Liskov itself just means that if you have a collection of object, all of which inherit from Fruit, calling a common method, or using each of them as a parameter in a new method, will have common results. Not necessarily identical, but just logically common or related. For example, here's a violation of Liskov, because it handles a certain kind of Fruit very differently:

static void AddfFruitToFruitSalad(FruitSalad fruitSalad, Fruit fruit)
{
    if (fruit is Tomato)
        throw new InvalidFruitException("ARE YE MAD?!?!");

    fruitSalad.Add(fruit);
}
0

Composition

Composition is when you implement an object as a child of another object. So, using your example of Fruit as a base class, you would create a Grape object like so:

public class Grape {
  internal Fruit fruit;
  public Grape() {
    fruit = new Fruit();
    // set fruit's values
  }
  public void printName(){
    System.out.println(fruit.name);
  }
}

When you use composition in this fashion, you cannot pass the whole object as if it were a Fruit (I am speaking in terms of C# as you didn't specify a language).

Inheritance

Inheritance is when you implement an object as an extended version of another object.

public class Grape : Fruit {
  public Grape() : base() {
    // Set some values including fruit object values
  }
  public void printName(){
    System.out.println(base.name);
  }
}

One (of many) advantages of using inheritance in this fashion is that the Grape object can be passed in and used anywhere a Fruit object would be used.

0

The short answer is "Yes." That's a good rule to live by in general, keeping in mind that other people in the future might want to Vector<Fruit> fruitList; and if you don't have the Fruit class because you personally didn't need it, that could be a problem. (Many modern languages have ways of retroactively creating the Fruit interface and asserting conformance of some classes to it.)

There are two reasons to use inheritance, because you want type conformance (or type substitutability) or because you want to reuse code.

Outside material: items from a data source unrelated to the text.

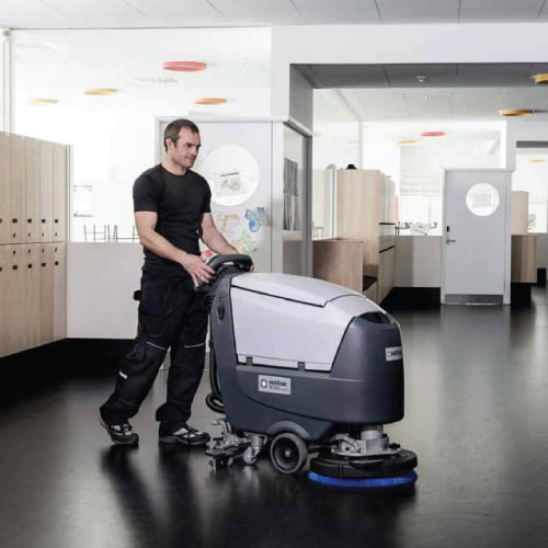 The Nikfisk SC500 walk behind scrubber is a reliable choice for cleaning companies, hospitals, schools, offices, supermarkets, shops, sports centres, restaurants, hotels, and production floors. Productivity is taken to a new level by the automatic adjustment of the water/detergent solution flow according to the speed of the machine. By using this control, which ensures a consistent cleaning result and an optimised consumption of water and chemicals, the operator can focus on getting the job done.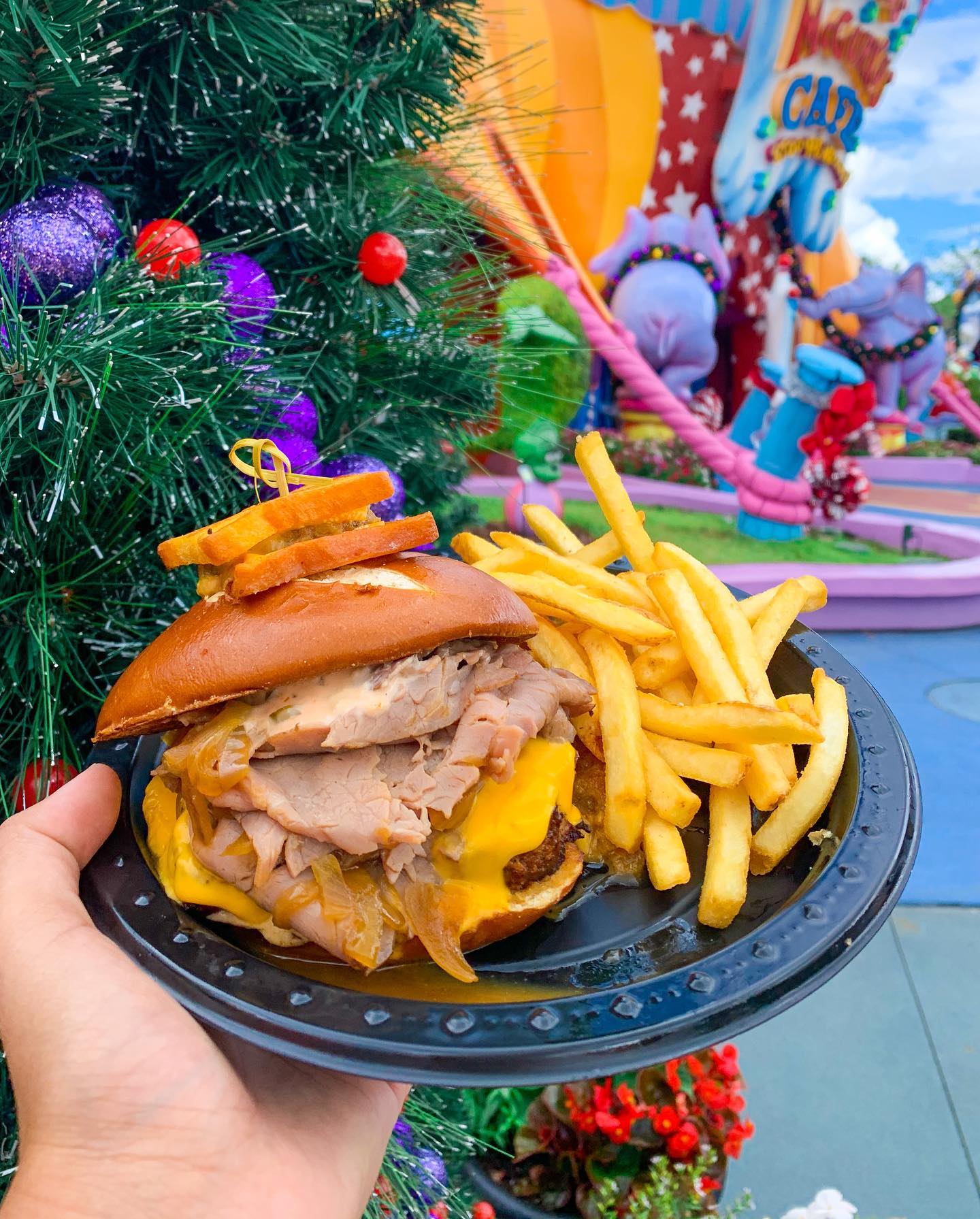 - Roast Beast Sandwich (available at Circus McGurkus Café Stoo-pendous): Guests looking for comfort food flavors can savor the Roast Beast Sandwich – a mini meatloaf sandwich featuring French onion soup-dipped roast beef with a cheddar cheese sauce – and even a “secret” sauce – served on a pretzel bun.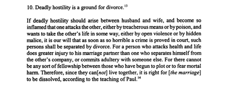 If deadly hostility should arise between husband and wife, and become so inflamed that one attacks the other, either by treacherous means or by poison, and wants to take the other’s life in some way, either by open violence or by hidden malice, it is our will that as soon as so horrible a crime is proved in court, such persons shall be separated by divorce. For a person who attacks health and life does greater injury to his marriage partner than one who separates himself from the other’s company, or commits adultery with someone else. For there cannot be any sort of fellowship between those who have begun to plot or to fear mortal harm. Therefore, since they can[not] live together, it is right for [the marriage] to be dissolved, according to the teaching of Paul.
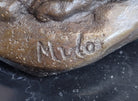 Mounted upon a sleek black marble base bearing the signature of artist Milo, this sculpture not only captures the essence of the cat's symbolic significance but also serves as a stunning piece of art that adds depth and character to any space. Whether displayed in a home or office, it serves as a reminder to embrace the magic of change and the wisdom found in the unexpected encounters of life.Bronze Dimensions with Marble Base: Height 8.5" X Width 3"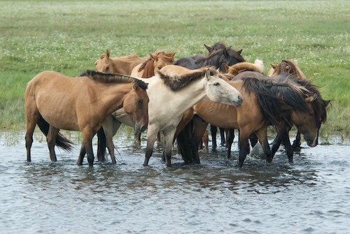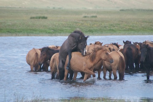 The horses we got great photos of, with the ger camp in the background; they were in the water to get away from the mosquitos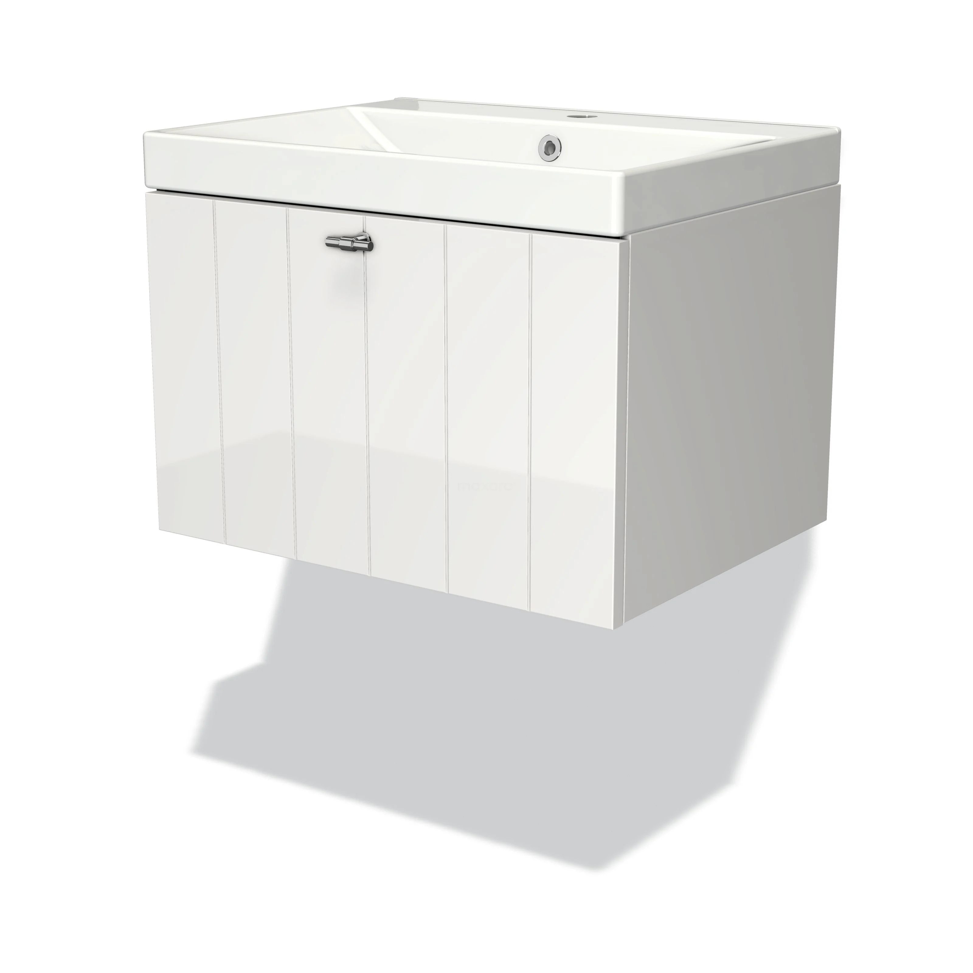 Modulo Vanity units with basin | 60 cm High-gloss white Slat front Ceramic 1 drawer

If the only objects in your system that refer to the base class are the sub-classes, then you are only subclassing for code reuse and you should seriously consider refactoring the base class out of existence.

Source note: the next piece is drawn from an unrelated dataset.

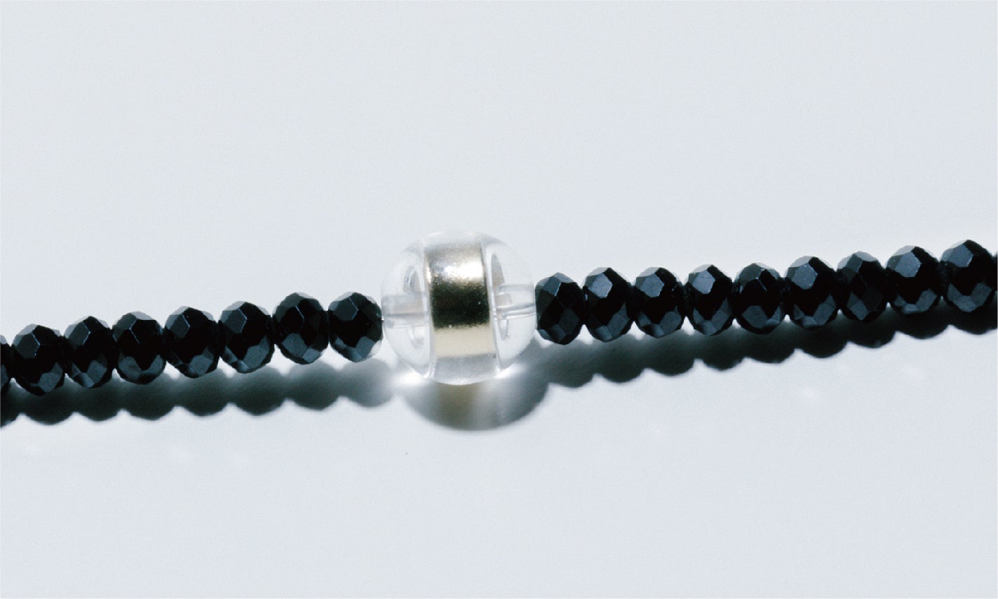 ■素材:天然ブラックスピネル(約4mm×2.5mm)、マグネットボールゴールドカラー×2(8mm)、マンテルパーツステンレス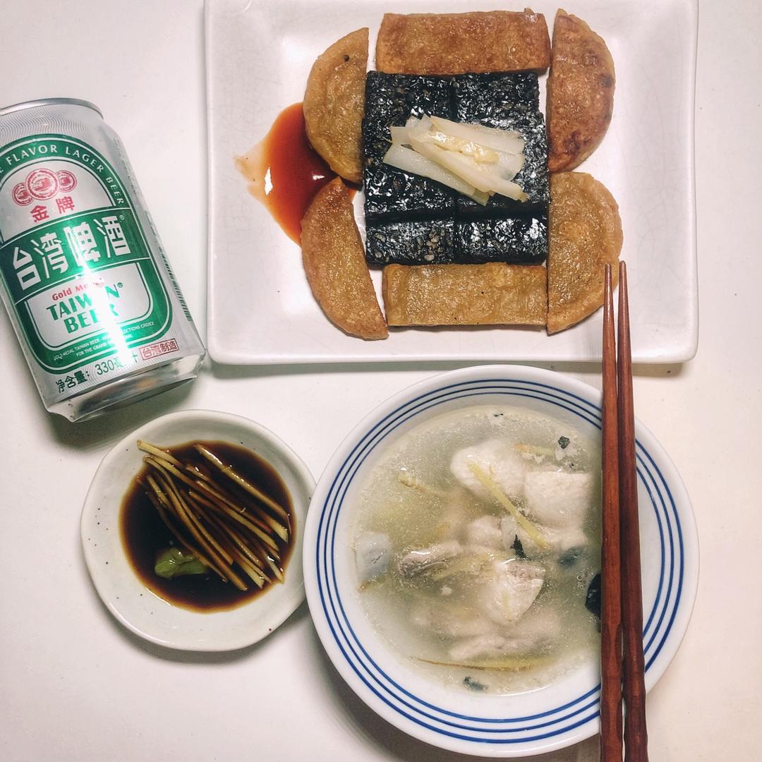 克莱因蓝-1 做过 晚餐•2019年7月4日 #晚餐•2019年7月4日#其实是前天的晚餐补上来~好不容易买到的虱目鱼肚到货了,鱼肚汤赶紧煮起来,配上大量的姜丝,鲜!另外还一起买了米血和甜不辣,也顺便煎几块。一顿彻底的湾湾风晚餐~想念#用食物表达我对你的爱# 2019-07-04

Your particular example is even worse because you aren't even trying to reuse code in the subclasses, so it looks like you are using sub-classing for type conformance, but you aren't even doing that.

0

I think you are focussing on technical rules too much. The is-a relationship is a good guideline but what you should really be asking is whether fruit has meaning in your problem domain or not. Sure, an orange is fruit and an apple is fruit, but do you care? If you are using fruit instances as juggle items then it may be meaningless to classify them as fruit. If you have to deal with a tax rate that applies to fruit and one that applies to vegetables, you have a good reason to classify them as fruit. There should be some dependency to fruit in your problem domain. If there is not, inheritance could still be good but you might as well descend apple and orange from object, or JuggleItem if that would apply.

Your rule is an after-the-fact check: you only know when you're done. But you could have known upfront if you would have asked my questions.